# Please help its urgent Soundmagic es 18 or Denon AH C260



## Jay1234 (Jan 29, 2014)

Its urgent cos I am going to Nainital tomorrow so want earphones so that I can listen music while travelling I have been using Soundmagic Es 18 for like 6 months but yesterday my maid washed my jeans and earphones were in my pocket so they ain't working...  I want new pair of earphones should I go for ES 18 or buy denon AH C260 I am not considering cowon EM1 cos build quality is not a concern for me....  Would AH C260 be any better, any one who have used both?


----------



## happy17292 (Jan 29, 2014)

Jay1234 said:


> Its urgent cos I am going to Nainital tomorrow so want earphones so that I can listen music while travelling I have been using Soundmagic Es 18 for like 6 months but yesterday my maid washed my jeans and earphones were in my pocket so they ain't working...  I want new pair of earphones should I go for ES 18 or buy denon AH C260 I am not considering cowon EM1 cos build quality is not a concern for me....  Would AH C260 be any better, any one who have used both?

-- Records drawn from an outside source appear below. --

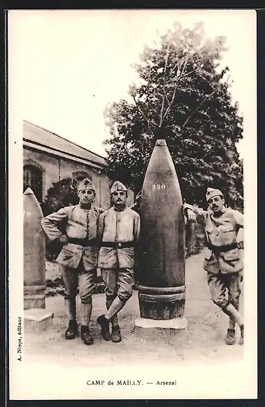AK Camp de Mailly, Arsenal, französische Artilleristen posieren neben Geschoss Kaliber 520mm
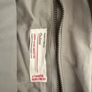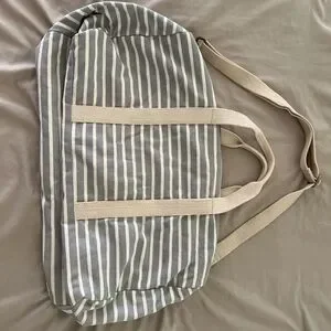 Stylish and ethical duffel bag by Known Supply, handmade in India. Features gray and white stripes, dual handles, adjustable shoulder strap, and zippered pockets. Spacious design makes it perfect as a gym bag, diaper bag, carry-on, or overnight weekender.
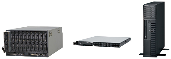 タワー、ラック、ブレードで豊富なラインアップをもつ。写真は左からブレードサーバ「BS320」、ラックサーバ「HA8000/RS110」、横幅93mmで約10kgのスリムモデル「HA8000/SS10」
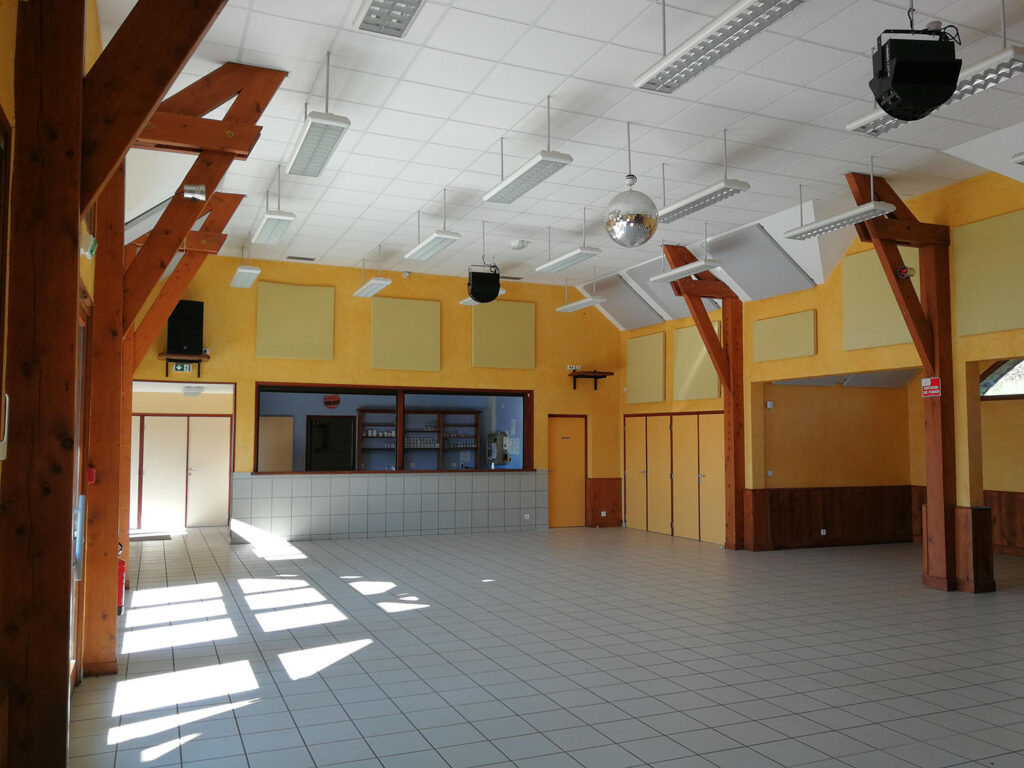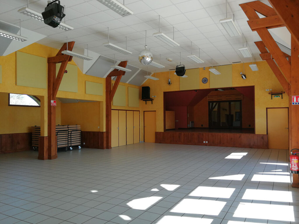 Une salle de 120 m2 avec scène, jeux de lumière, parabole TV.
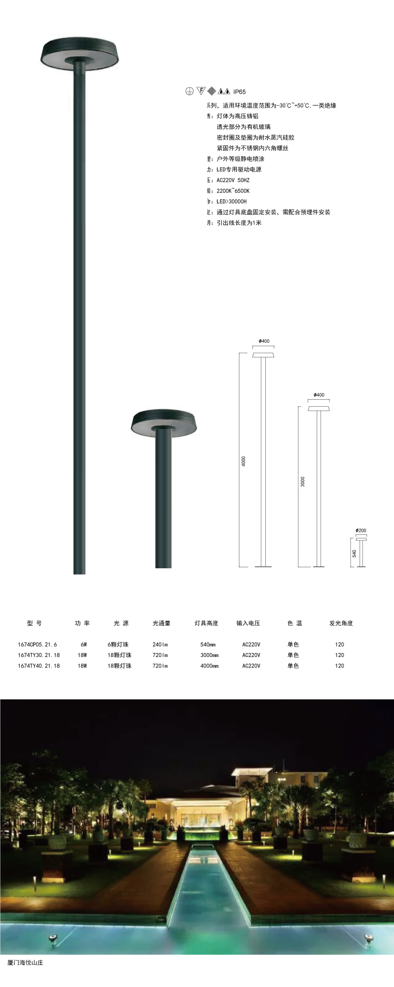 直徑200X400mm直桿蘑菇頭草坪庭院燈系列
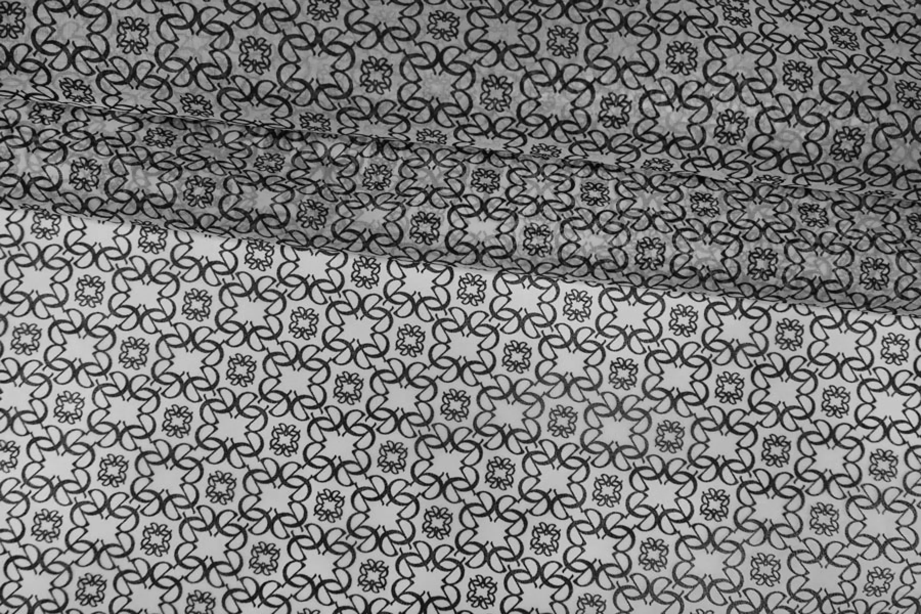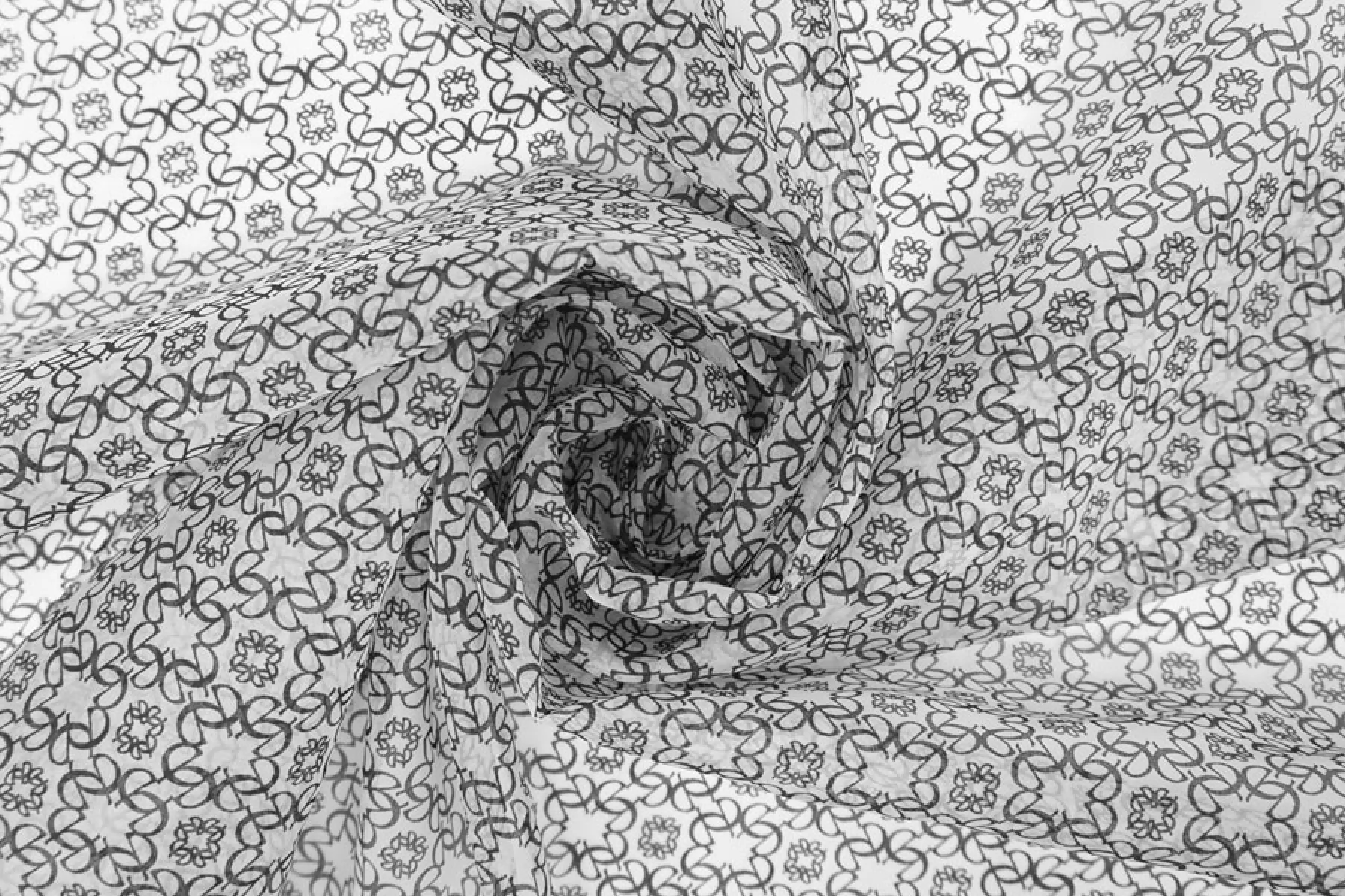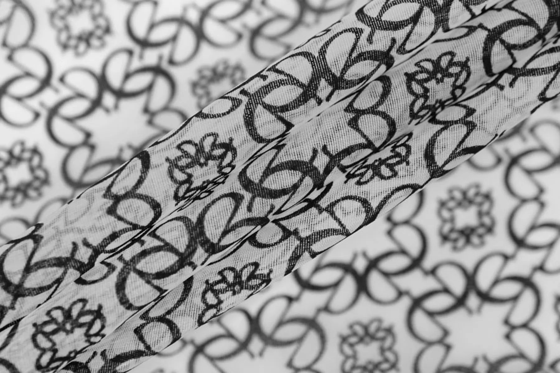 Органза шелковая ELIE SAAB Черно-белая орнамент-логотип TRC Н32 N50 17122489

I have used es18 for 10months and i'm using denon ahc260 since last 15 days or so.

I'm not an audiophile but i felt that denon has slightly better sound quality at the cost of slightly less bass (its still a bass heavy iem)

Es18 were more comfortable and isolation was slightly better too.


----------



## Jay1234 (Jan 29, 2014)

Should I spend 300 INR extra on denon?? Is it worth it?. Confused


----------



## happy17292 (Jan 29, 2014)

Jay1234 said:


> Should I spend 300 INR extra on denon?? Is it worth it?. Confused



No idea as I'm Still not sure if it was worth upgrading over es18 

If you're basshead and dont care about music quality, muffled mids etc. Then es18 is better imo as it provides better seal too

Difference in sound quality was difficult to notice but es18 did provided more bass compared to ahc260.

But then again, i'm not expert with senstive ears so might be wrong


----------



## samudragupta (Jan 29, 2014)

Jay1234 said:


> Should I spend 300 INR extra on denon?? Is it worth it?. Confused



what genre will you be listening to? denon's will be a bill more bassy...


----------